Alison shows that she is well aware of the escapist nature of the fantasy world of bears and squirrels and the way in which it serves to allow them to express a love for each other which they cannot express when their social, intellectual and personal differences are visible to each other. Alison shows that she is aware of that no woman can ever satisfy jimmy, because as the fantasy shows, he is searching for a womb-like retreat, and yet is driven to anger by the woman who offers it him. All Alison can offer jimmy is sexual love and an image of comfort, and he will hate her for smothering him even while he self-destructively demands the security for her love. Finally she finds that jimmy needs some amalgam of mother, lover, and intellectual companion, or as Alison herself puts it, ‘A kind of cross between a mother and a Greek courtesan, a henchwoman, a mixture of Cleopatra and Boswell’.

Jimmy’s relationship with Helena

With Helena the process is always only partial.
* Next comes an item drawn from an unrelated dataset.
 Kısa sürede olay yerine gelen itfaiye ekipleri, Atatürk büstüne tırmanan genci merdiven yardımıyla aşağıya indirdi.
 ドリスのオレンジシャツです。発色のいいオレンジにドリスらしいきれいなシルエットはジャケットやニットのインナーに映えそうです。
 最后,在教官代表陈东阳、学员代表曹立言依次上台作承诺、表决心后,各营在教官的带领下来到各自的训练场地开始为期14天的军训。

A ritual which does not touch her deeply. The sudden, passionate outburst of feeling with which the act ends shows how jimmy’s anguish erodes secure, unquestioned values, and illustrates how even Helena must pick up the gauntlet of the challenge he embodies, though of course on her own terms. Helena is the self-destructive jimmy seeks writ large, as he knows only too well. There is no tenderness in their relationship, not even the possible false escape of squirrels and bears. Their passion is only an aspect of their enmity, a mutually inescapable challenge. Helena is a realist, and as such can live with the eroded values of the post-war world, while jimmy, like colonel Redfern, is still looking back in anger to the time when idealism and moral passion were capable of shaping a whole life and a whole generation. Helena, who is not stupid, but whose vision is very narrow, gets half the truth when she tells Alison that:

There is no place for people like that any longer_ in sex or politics or anything. That’s why he’s so futile. Sometimes, when I listen to him, I feel he thinks he’s still in the middle of the French revolution. And that’s where he ought to be, of course. He doesn’t know where he is or where he’s going…. (p.90)
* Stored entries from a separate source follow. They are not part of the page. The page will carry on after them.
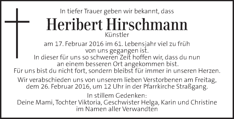 Hier finden Sie alle Traueranzeigen aus der Zeitung, die bisher für Heribert Hirschmann erschienen sind. Weitere Traueranzeigen, die in der Zeitung erscheinen, werden hier ebenfalls aufgelistet
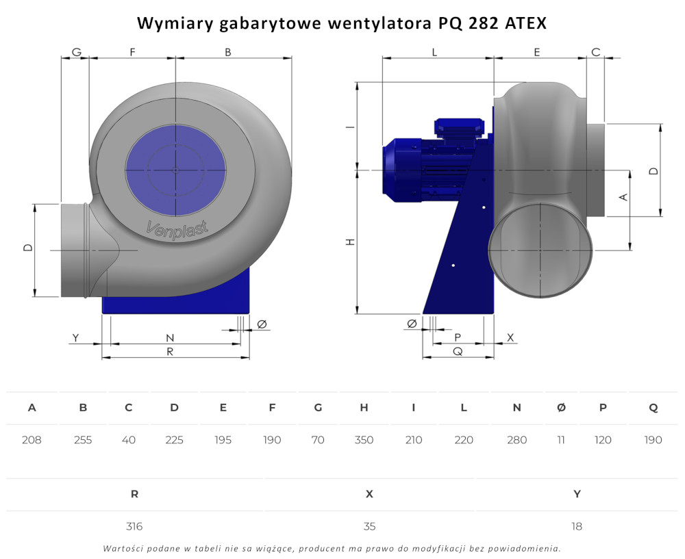 PQ 282 ATEX wentylator chemoodporny przeciwwybuchowy promieniowy
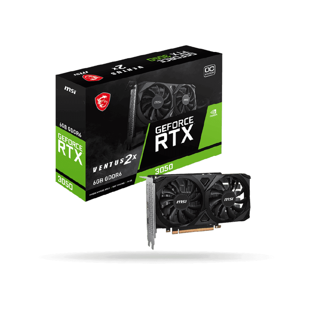 La Tarjeta de Video MSI GeForce RTX 3050 VENTUS 2X 6G OC ofrece un excelente rendimiento para usuarios que desean dar el salto a la experiencia RTX sin comprometer el presupuesto. Basada en la arquitectura Ampere de NVIDIA, esta GPU de 6GB GDDR6 combina trazado de rayos en tiempo real y tecnologías de inteligencia artificial con eficiencia y velocidad.
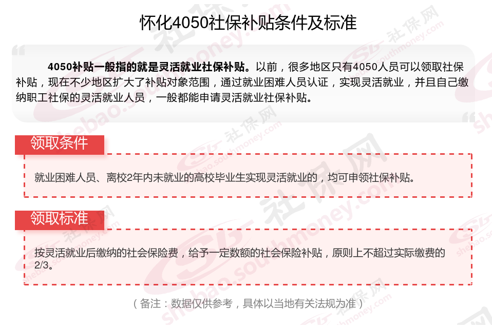 “4050人员”是国对大龄就业困难人员的一种称呼,指的是女性年满40岁,男性年满50岁的人员,那么怀化4050灵活就业社保补贴标准是多少钱?怀化4050社保补贴条件是什么?接下来随社保网小编了解一下最新资讯。
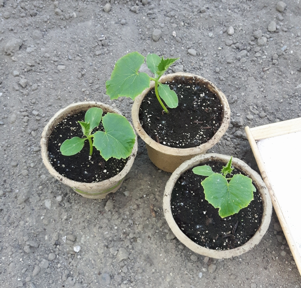 These are my giant cucumber plants. I'm going to plant them in the greenhouse.

Helena performs an important function here in that she combines both stances in one figure. She is modern, intellectual to some degree, but not dispossessed of her identity. She stands in a secure place, symbolized by her unquestioning acceptance of the moral categories of religion, even when she does not act on them. Yet her strength lies in her essential hypocrisy. Jimmy’s attack on her sentimental Christianity is also very self-revealing, since the things of which he accuses Helena are very close to his own habit of idealizing the past.
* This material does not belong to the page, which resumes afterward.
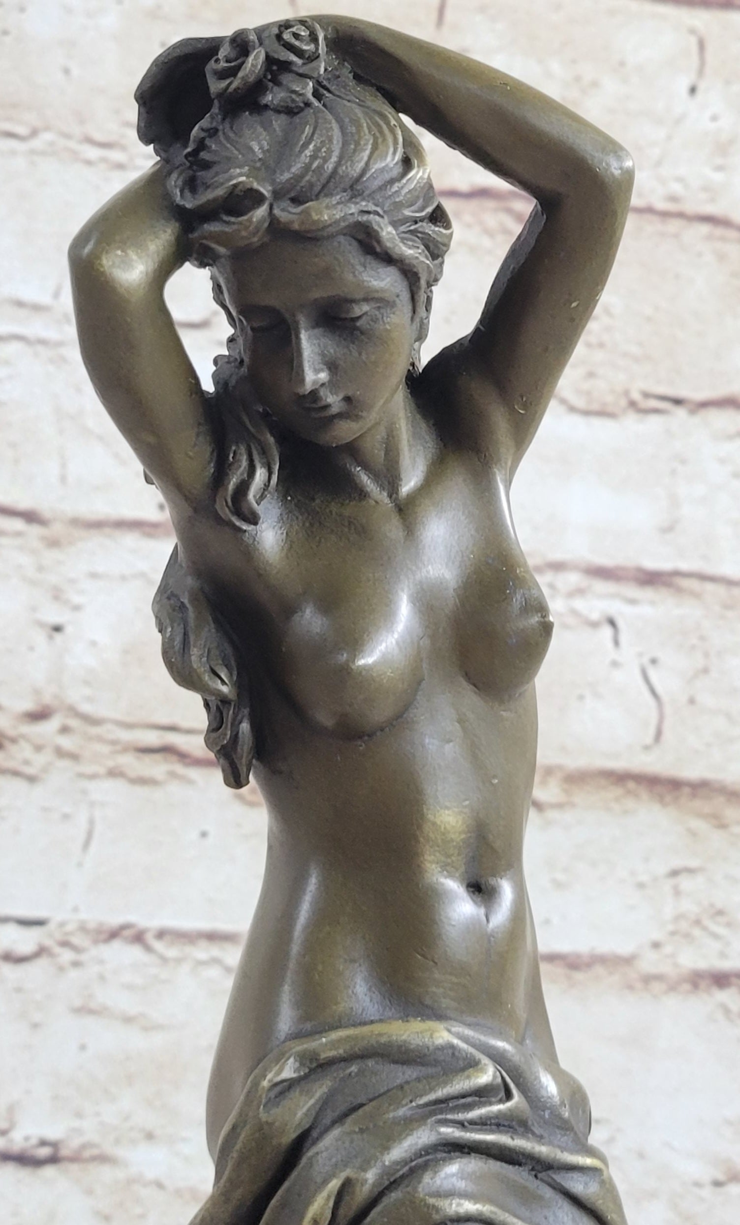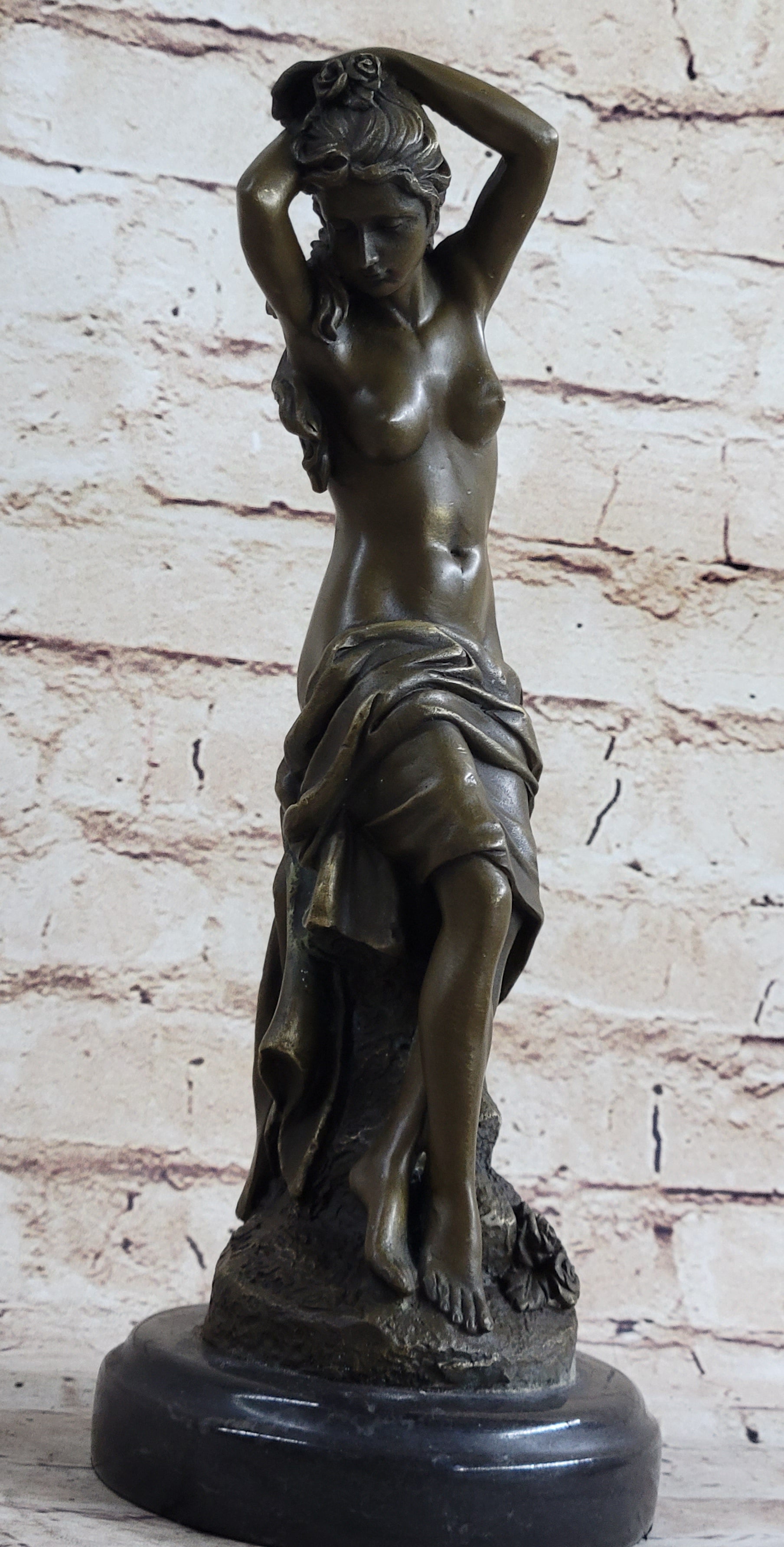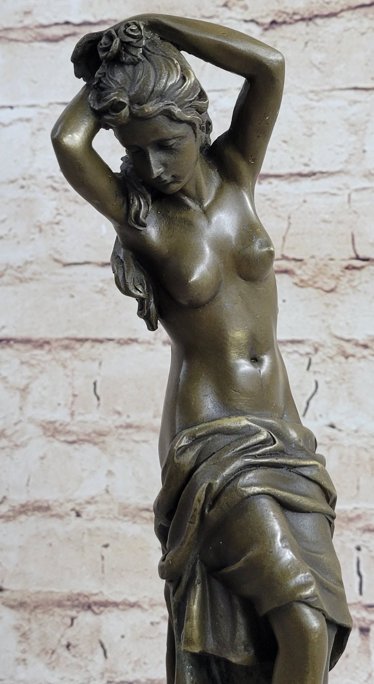 Embrace the captivating allure of this exquisite bronze sculpture, showcasing a poised and confident nude woman in a captivating stance, elegantly draped in flowing garments that cascade like a cape around her form. With a fluid sweep of her hair gathered in a loose bun adorned with delicate floral accents, her commanding presence exudes a sense of strength and self-assurance. Her gaze reflects a quiet confidence, while her subtle sideways curve adds a touch of graceful movement to the composition, creating a timeless embodiment of feminine grace and empowerment.

Actually the examination of relations and subsequently the dramatization of the characters’ response to each other in different contexts can be extended but here in this essay the major characters and their reciprocal relations to each other have been regarded. So through these brief explanations of relations the various sorts of communication as dependence, for instance of jimmy to women, Alison to cliff and jimmy and vice versa and on the other hand, difficulty of real and satisfactory relationship between all characters, have been examined and explained. This examination of relationships helps the reader to find the underlying theme of communication as an important and significant one all through the play.